> _ACTIVITY_:
What you return should match the data word for word, minus the images.

> _SUPPLIED INFORMATION_:
========================================
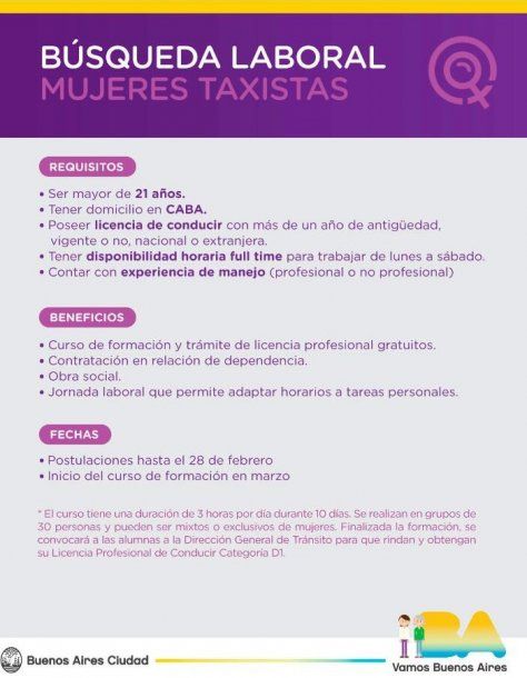 El gobierno de la Ciudad de Buenos Aires abrió una convocatoria para incorporar mujeres a su flota de taxistas. La iniciativa forma parte de una política de género en el sistema de transporte público.
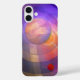 This case has an artistic abstract cosmic design with geometric shapes and beautiful, transparent / watercolor like colours (purple, yellow, orange). This product can be customised by adding text.
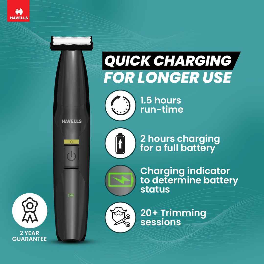 The Havells ST8000 Shimmer Plus is a premium dual-blade shaver cum trimmer designed for both wet and dry use, offering a smooth, nick-free shave. Its cordless and rechargeable design provides up to 90 minutes of runtime after a 2-hour fast charge. Featuring an IPX7 fully waterproof body, this device is perfect for versatile grooming needs with 4 different comb attachments for customized styling. Built with stainless steel foil blades, it guarantees precision and durability, backed by a 2-year warranty.
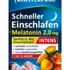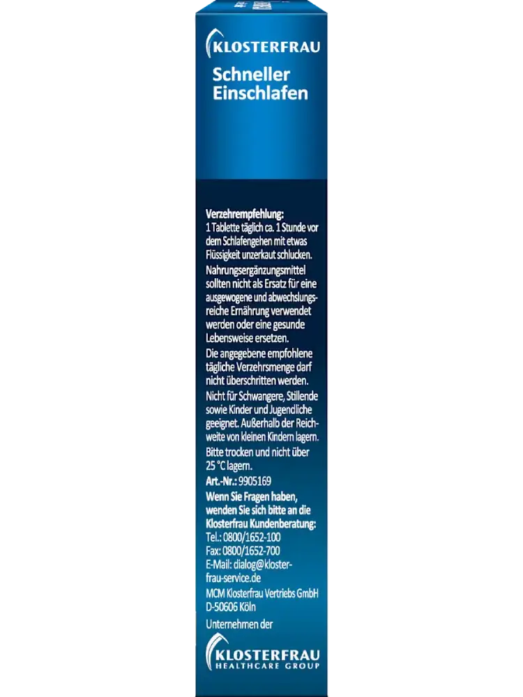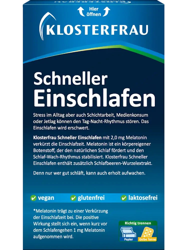 Les comprimés Schneller Einschlafen de Klosterfrau contiennent 2,0 mg de mélatonine ainsi qu’un extrait de racine de withania (plante du sommeil). De plus, la mélatonine peut contribuer à réduire le temps d’endormissement* et avoir un effet positif sur le rythme veille-sommeil en cas de décalage horaire**.
========================================
> _WRITTEN RESPONSE_:
 El gobierno de la Ciudad de Buenos Aires abrió una convocatoria para incorporar mujeres a su flota de taxistas. La iniciativa forma parte de una política de género en el sistema de transporte público.
 This case has an artistic abstract cosmic design with geometric shapes and beautiful, transparent / watercolor like colours (purple, yellow, orange). This product can be customised by adding text.
 The Havells ST8000 Shimmer Plus is a premium dual-blade shaver cum trimmer designed for both wet and dry use, offering a smooth, nick-free shave. Its cordless and rechargeable design provides up to 90 minutes of runtime after a 2-hour fast charge. Featuring an IPX7 fully waterproof body, this device is perfect for versatile grooming needs with 4 different comb attachments for customized styling. Built with stainless steel foil blades, it guarantees precision and durability, backed by a 2-year warranty.
 Les comprimés Schneller Einschlafen de Klosterfrau contiennent 2,0 mg de mélatonine ainsi qu’un extrait de racine de withania (plante du sommeil). De plus, la mélatonine peut contribuer à réduire le temps d’endormissement* et avoir un effet positif sur le rythme veille-sommeil en cas de décalage horaire**.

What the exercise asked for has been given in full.